Defence review needs to provide means to sustain neutrality

White Paper opportunity to restate our position

Ireland’s  participation in UN  peacekeeping missions, has allowed the Defence Forces access to the technical information necessary to achieve inter-operability with other   states  –  on patrol on UN mission in East Timor in   1999. Photograph: Conor O’Clery

Ireland’s participation in UN peacekeeping missions, has allowed the Defence Forces access to the technical information necessary to achieve inter-operability with other states – on patrol on UN mission in East Timor in 1999. Photograph: Conor O’Clery

Thu, Jul 24, 2014, 01:08

Each time there has been a referendum on an EU treaty predictions have been made in some quarters, that a no vote would end our neutrality. They were wrong. Amsterdam, Maastricht, Nice and Lisbon have long been ratified by the Irish people, and our national defence policy of neutrality is still very much in place.

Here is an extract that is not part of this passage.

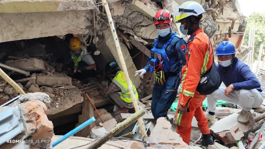 ဒါ့အပြင် အထပ်ပေါင်းများစွာ မြေကြီးအတွင်း ကျွံဝင်ပြိုကျသွားတဲ့ Sky Villa ကွန်ဒိုမှာလည်း တရုတ်ကယ်ဆယ်ရေးတပ်ဖွဲ့တွေနဲ့ မြန်မာနိုင်ငံမီးသတ်တပ်ဖွဲ့ဝင်တွေ ပူးပေါင်းပြီး ရှာဖွေကယ်ဆယ်ရေးတွေ လုပ်ဆောင်နေပြီလို့ သိရပါတယ်။
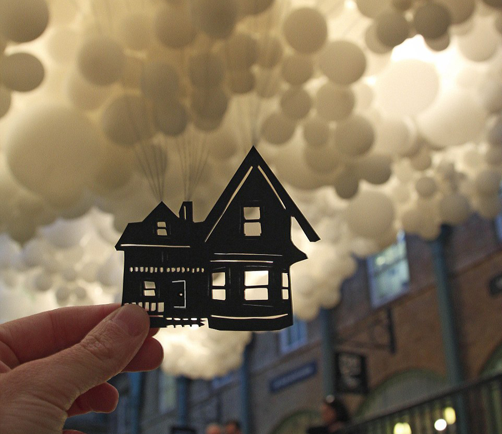 受电影《飞屋环游记》的启发,麦克尔剪出一栋房子,好像被考文特花园的气球拉上天空。(网页截图)

However, our failure to invest properly in the Defence Forces continues to undermine its credibility.

A sovereign state has three options in providing for its national defence. It can opt for neutrality and take on full responsibility for its own defence. It can join a military alliance and commit to mutual defence with a group of nations sharing the same values and interests. It can also conclude a defence treaty, or a defence agreement, with a friendly neighbouring state to share in the defence of both countries.

Later this year the Government will conclude a White Paper on Defence, which presents an opportunity to restate our neutrality, or otherwise. The Green Paper on Defence issued last year invited a debate on all aspects of national defence, including the neutrality issue. Over the years the lack of open and honest debate on our policy of neutrality has resulted in entrenched positions, particularly so on the pro-neutrality side.

Motivated for the most part by a genuine concern for peace, but also influenced by pacifism, anti-Americanism and anti-EU sentiments, Irish neutralism has, in some quarters, hardened into an ideology. For some adherents it has become a dogma, a religion through which the faithful hope to avoid Armageddon. Long left unchallenged, it has now become almost blasphemous to criticise neutrality.

As a result, in Irish politics it is a vote loser to criticise neutrality. No matter who is in power, opposition parties will jump on any government that is “soft” on the issue. Successive governments have backed themselves into a corner – the best they can come up with is a concept of military neutrality. We are told that we are politically committed, but not militarily committed.

Weather reports

In reality Ireland’s policy of neutrality has always been flexible and pragmatic. From de Valera allowing crucial weather reports to be passed to the Allies during the Emergency, to Bertie Ahern allowing the US army to avail of stopover facilities at Shannon, the purist’s idealistic interpretation of neutrality has not been upheld.

But Irish neutrality in the second World War helped to keep us out of the war. It worked because of a specific set of circumstances. Elsewhere in wartime Europe most neutral states were overrun and occupied. It is significant that neutral states which were invaded did not revert to neutrality at the end of the war .

Countries like Belgium, the Netherlands and Denmark will never again fall for the illusion of security provided by a policy of neutrality. So what should we do? Since the end of the cold war, the argument for joining Nato has weakened. Moreover, Ireland’s joining Nato’s Partnership for Peace, and participating in UN-approved, Nato-led peacekeeping missions, has allowed the Defence Forces access to the technical information necessary to achieve inter-operability with other participating states, without having to join the alliance. So, unless the circumstances change, there is no strong case, at present, for Ireland to join Nato.